Samuel Williams Dr. Samuel Williams is a senior scientist in the Performance and Algorithms Research Group at the Lawrence Berkeley National Laboratory (LBNL). His research interests include high-performance computing, performance modeling, auto-tuning, computer architecture, and hardware/software co-design. Dr. Williams received his PhD in Computer Science from the University of California at Berkeley (UCB) in December of 2008 and his masters in December of 2003. During this period, his

doctoral research focused on multicore architectures and automated performance tuning under the guidance of David Patterson. To that end, he created the Roofline Model to enable developers, computer scientists, computer architects, and applied mathematicians to quickly and visually assess performance bottlenecks on multicore, manycore, and GPU-accelerated systems.



Marco Siracusa received his Bachelor's Degree in Computer, Electronic and Telecommunication Engineering in 2016 from the Università degli studi di Parma, Italy. He received a Master's degree in Computer Science and Engineering 10 2020 from Politecnico di Milano, Italy. His research interests include Compiler Infrastructures, High-Level Synthesis, Computer Architectures and High-Performance Computing.



Donatella Sciuto received her Laurea in Electronic Engineering from Politecnico di Milano and her PhD in Electrical and Computer Engineering from the University of Colorado, Boulder, and an MBA from Bocconi University.
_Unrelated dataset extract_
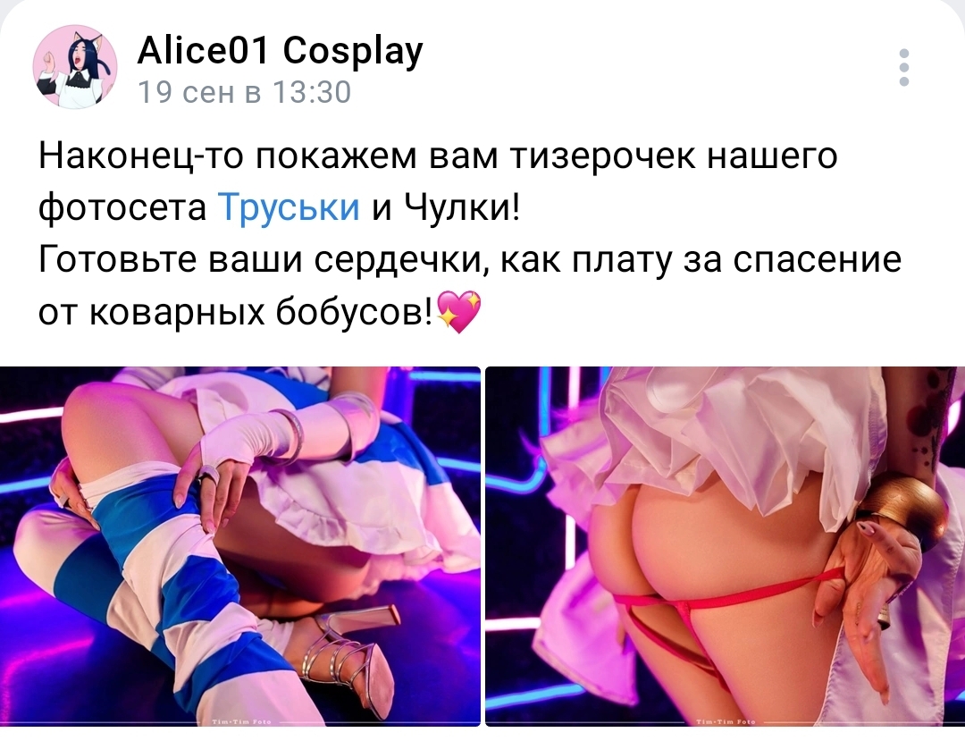 Тред посвящается лучшей девочке в фандоме, каждый день думаю только о ней. В отличии от оверхайп шаболд на этой доске, Алисочка самая нежная, красивая без всяких ваших фотошопов, всегда мило общается в комментариях. Анончики, давайте вместе восхищаться моей богинечкой и прививать себе хороший вкус в косплее. Богинечка продолжает победное шествие по головам эрокосплейшиц доске, под дружное одобрение алисолайферов. ВК https://vk.com/alice01cosplay (сосредоточение мудрости богини) Тикток https://www.tiktok.com/@alice01_cosplay (сосредоточение кринжа куража богини) Телегрум https://t.me/alice01cosplay (сосредоточение великой воли богини) Бустич https://boosty.to/alice01cosplay (подношения богине) ебаный хейтер в треде запрещено: Оскорбление богини в любом виде использование читов, распрыжек, скриптов и прочих хитростей использование спреев-обманок и спреев с эротическим содержанием использование уязвимостей карт мат в любом проявлении слово "сука" хоть и литературное, но в треде расценивается как мат оскорбления почитателей богини использование нечитаемых ников, ников содежащие мат, цифровых ников всё это карается баном

She is currently the Executive Vice Rector of the Politecnico di Milano and Full Professor in Computer Science and Engineering. Her main research interests cover the methodologies for the design of embedded systems and multicore systems. She has published over 300 scientific papers.

She is a Fellow of IEEE and has served as President of the IEEE Council of Electronic Design Automation from 2011 to 2013 and in different capacities in IEEE Committees and conferences.



Emanuele Del Sozzo got his Ph.D. in Information Technology from Politecnico di Milano in 2019. He received his B.Sc. and M.Sc. in Computer Engineering from Politecnico di Milano in 2012 and 2015 respectively. He also receives in 2015 M.Sc. degree in Computer Science from the University of Illinois at Chicago (UIC), and Alta Scuola Politecnica Diploma. His research focuses on reconfigurable architectures, code generation and optimization. He is currently a PostDoc at Politecnico di Milano.



Marco Domenico Santambrogio (SM'05) received the Laurea (M.Sc. equivalent) degree in computer engineering from the Politecnico di Milano, Milan, Italy, in 2004, the M.Sc. degree in computer science from The University of Illinois at Chicago, Chicago, IL, USA, in 2005, and the Ph.D. degree in computer engineering from the Politecnico di Milano, in 2008. He was a Post-Doctoral Fellow with the Computer Science and Artificial Intelligence Laboratory, Massachusetts Institute of Technology, Cambridge, MA, USA.

He held visiting positions with the Department of Electrical Engineering and Computer Science, Northwestern University, Evanston, IL, USA, in 2006 and 2007, and the Heinz Nixdorf Institut, Paderborn, Germany, in 2006. He has been with the NECST Laboratory, Politecnico di Milano, where he founded the Dynamic Reconfigurability in Embedded System Design project in 2004 and the CHANGE (self-adaptive computing system) project in 2010. He is currently an Assistant Professor with the Politecnico di Milano. His current research interests include reconfigurable computing, self-aware and autonomic systems, hardware/software codesign, embedded systems, and high performance processors and systems. Dr. Santambrogio is a Senior Member of the Association for Computing Machinery.



Marco Rabozzi is Co-founder of Huxelerate and got his PhD in Information Technology at Politecnico di Milano, focusing on computer-aided design tools for FPGA-based systems, reconfigurable architectures and combinatorial optimization. In 2014 He received his M.Sc. degree in Computer Science from the University of Illinois at Chicago and, in the same year, the M.Sc. in Computer Science and Engineering from Politecnico di Milano.